A widely-anticipated drug treatment for Alzheimer’s disease has shown promising results in clearing amyloid plaques from the brain in a phase 2 study – but questionable effects on cognitive outcomes.
Trial results for the Biogen/Eisei BAN2401 molecule were presented at the Alzheimer’s Association International Conference in Chicago on 25 July showing that the anti-amyloid drug produced dose-related effects on amyloid conversion and some cognitive measures.
The study, conducted in 800 patients with early Alzheimers disease and confirmed amyloid pathology confirmed compared five different dosing regimens of the drug with placebo over 18 months.
Over the study period, there was a dose dependent reduction in amyloid PET values by 0.30 units and a 70 unit reduction in Centiloid units compared to placebo. Likewise there was dose dependent conversion of patients from amyloid positive to negative compared to placebo, with an 81% conversion rate at the highest dose (10mg bi weekly) of BAN2401.
There was also a 30% slower rate of cognitive decline with the highest dose of BAN2401 compared to placebo, according to ADS-cog measures. However, the trial did not meet its primary endpoint for a significant effect on cognitive decline according to the ADCOMS measure .
Adverse effects leading to discontinuation occurred in 6.1% of placebo patients and 14.9% of patients taking the highest dose of BAN2401.
The study authors said this it was the first large clinical trial to support the amyloid hypothesis in Alzheimers, and the slowing in cognitive decline was clinically significant.
Australian neurology researchers gave a cautious welcome to the trial results, noting the BAN2401 study did not meet its primary endpoint and saying the results were not large enough to definitely demonstrate cognitive efficacy.
Professor Ashley Bush, Director of the Melbourne Dementia Research Centre at the Florey Institute of Neuroscience and Mental Health and University of Melbourne, noted that 70% of patients in the placebo group were ApoE4 positive, whereas only 30% in the high-dose group carried the high-risk genetic marker for Alzheimer’s related cognitive decline.

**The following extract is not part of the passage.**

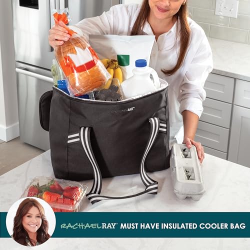 HOT ! Rachael Ray Field Tote - Soft Sided Zippered Cooler Bag, Insulated & Leak Proof Grocery Bag, Portable Travel Cooler, Hot or Cold Carrier, Black
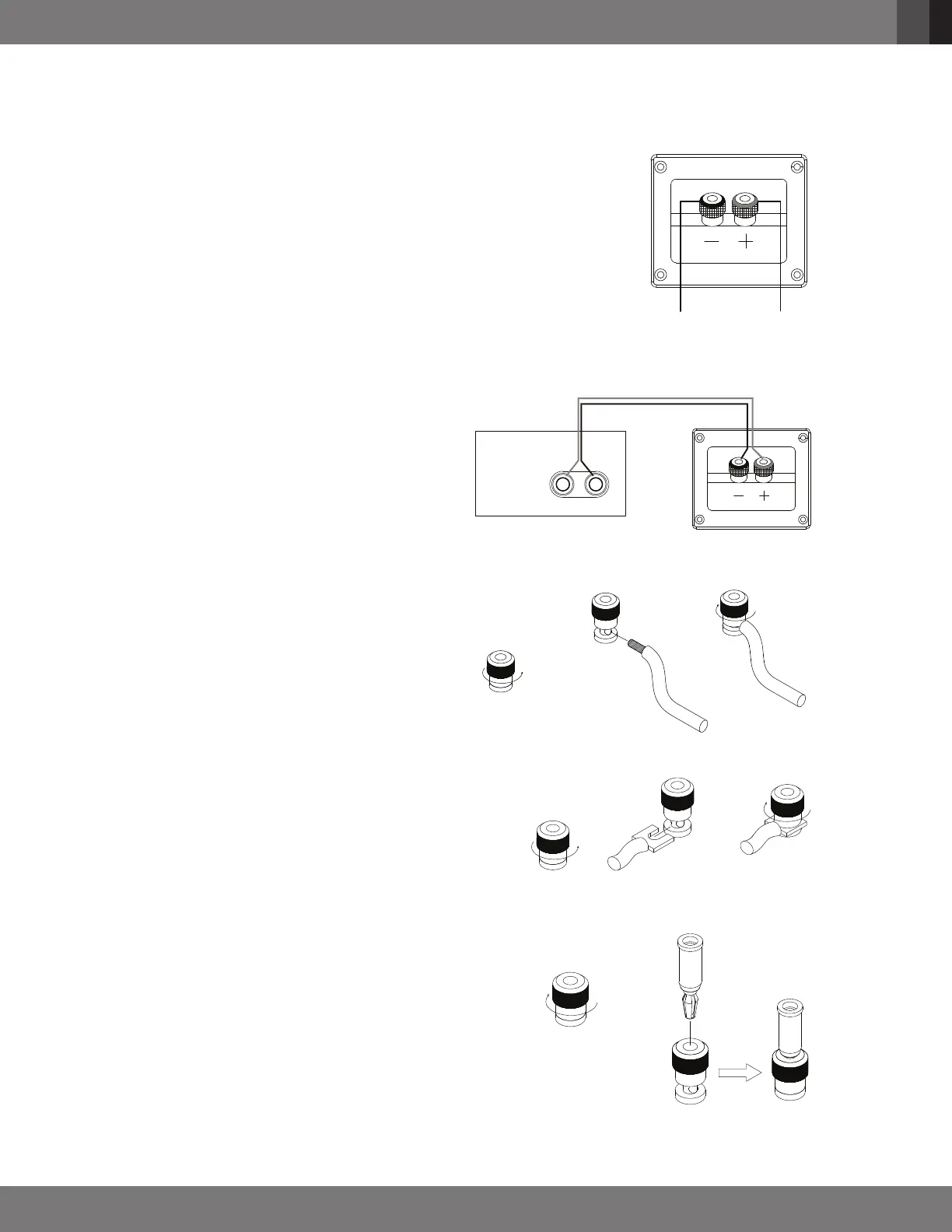 Lautsprecher und Verstärker verfügen über zueinander passende positive und negative

This means the encouraging result may not hold up in a larger, more randomly distributed population, he said.
“This is a big problem with interpreting the results, diminishing the likelihood that the treatment actually helped with the dementia.
“Additionally, the high-dose ApoE4 group suffered a brain swelling side effect called ARIA-E, which means that treating this high-risk group in the clinic may be too problematic.”

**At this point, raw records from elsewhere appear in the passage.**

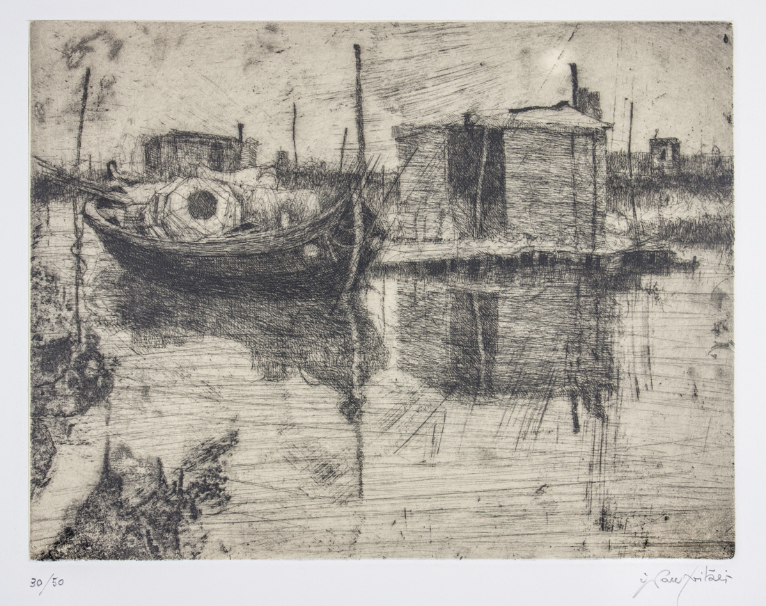 1) Pescatore Buranello. 1982. Acquaforte. mm 173x135. Foglio: mm 350x250. Firmato a matita in basso a destra: in basso a sinistra, sempre a matita, "prova d'artista". 2) Laguna. 1983. Acquaforte. mm 186x245. Foglio: mm 34x500. Firmato a matita in basso a destra. Numerato a matita in basso a sinistra: 30/50. 3) Toeletta. 1983. Puntasecca. mm 205x150. Foglio: mm 350x265. Firmato a matita in basso a destra. 4) Pescarenico. 1984. Acquaforte. mm 100x210. Foglio: mm 345x505. Firmata a matita in basso a destra. Numerata a matita in basso a sinistra: XXI/XXV. 5) Studio per mia madre. 1986. Puntasecca. mm 195x196. Foglio: mm 500x350. Firmato a matita in basso a destra. Numerato a matita in basso a sinistra: 27/30. 6) Viole nel bicchiere. 1986. Acquaforte e acquatinta. mm 210x150. Foglio: mm 505x350. Firmato a matita in basso a destra. Numerato a matita in basso a sinistra: XIX/XXV. 7) La lumaca. 1987. Acquaforte. mm 82x100. Foglio: mm 265x195. Firmato a matita in basso a destra: in basso a sinistra, sempre a matita, "p.d.a.". 8) Il Resegone. 1991. Acquaforte. mm 144x209. Foglio: mm 350x500. Firmato a matita in basso a destra. Numerato a matita in basso a sinistra: XXI/XXV. (8)
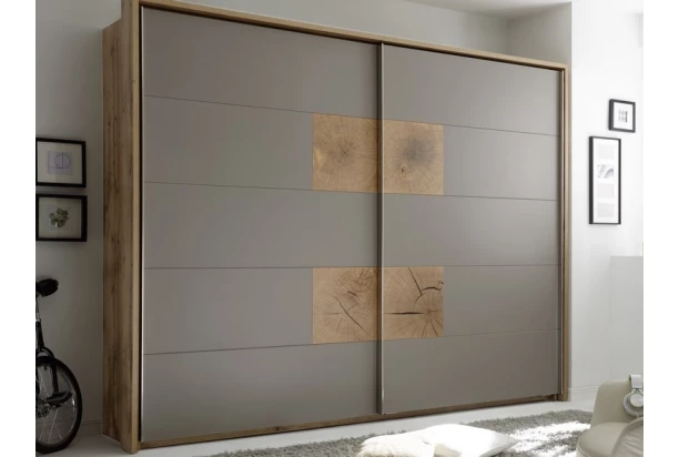 Šatníková skriňa s posuvnými dverami z dizajnovej kolekcie Capri. Optika rozpraskaného dubového dreva zaujme na pohľad a pôsobí ako prírodný dekoratívny prvok. Nábytok s hnedými prvkami drevodekoru a s výraznými hrčami, tak vytvorí dokonalé prostredie pre útulne zariadený domov.
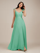 Citrine | Turquoise - A Line V Neck Chiffon Ruffled Long Bridesmaid Dress with Slit

Other concerns included the trial size, with only 161 patients in the high-dose group, and the fact that the significant results only emerged at 18 months following treatment onset.
Professor Bush added, “It is interesting that there was clearly a drop in amyloid in the brain in the various treatment groups, yet each dosing group still deteriorated clinically during the study. Therefore, removing amyloid does not guarantee clinical improvement.”